Histology and immunohistochemistry
Tissues were fixed in 4% paraformaldehyde, embedded in OCT, sectioned in 10 μm thicknesses, and stained with hematoxylin and eosin by standard methods. Immunohistochemistry was performed by standard procedures, with rat antimouse CD31 (1:200 dilution; Chemicon International) or rabbit antimouse HIF1α antibody (1:200 dilution; Chemicon International) as the primary antibody. Secondary antibodies included horseradish peroxidase–conjugated goat antirat IgG or antirabbit IgG (Boster BioTec, Wuhan, China). Samples were developed using a standard DAB reagent and were observed under a microscope. Microvessels were counted by different technicians to evaluate density, based on “hot fields,” which showed the most concentrated vessel regions.

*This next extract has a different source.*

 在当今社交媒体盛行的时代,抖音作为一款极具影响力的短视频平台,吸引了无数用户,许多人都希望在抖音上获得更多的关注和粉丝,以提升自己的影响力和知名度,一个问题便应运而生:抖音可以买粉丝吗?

For quantification, pictures were captured and then pixels were counted by Image-Pro Plus 6.0 software (MediaCybernetics Inc., Bethesda, MD).
Statistics
Images were imported into Image Pro Plus 6.0 software, and pixels for each color were analyzed to quantitatively represent positively stained cells. Statistical analysis was performed with the SPSS 12.0 program. Results are expressed as mean ± SD. Comparisons between groups were undertaken using an unpaired Student's t-test. P < 0.05 was considered statistically significant.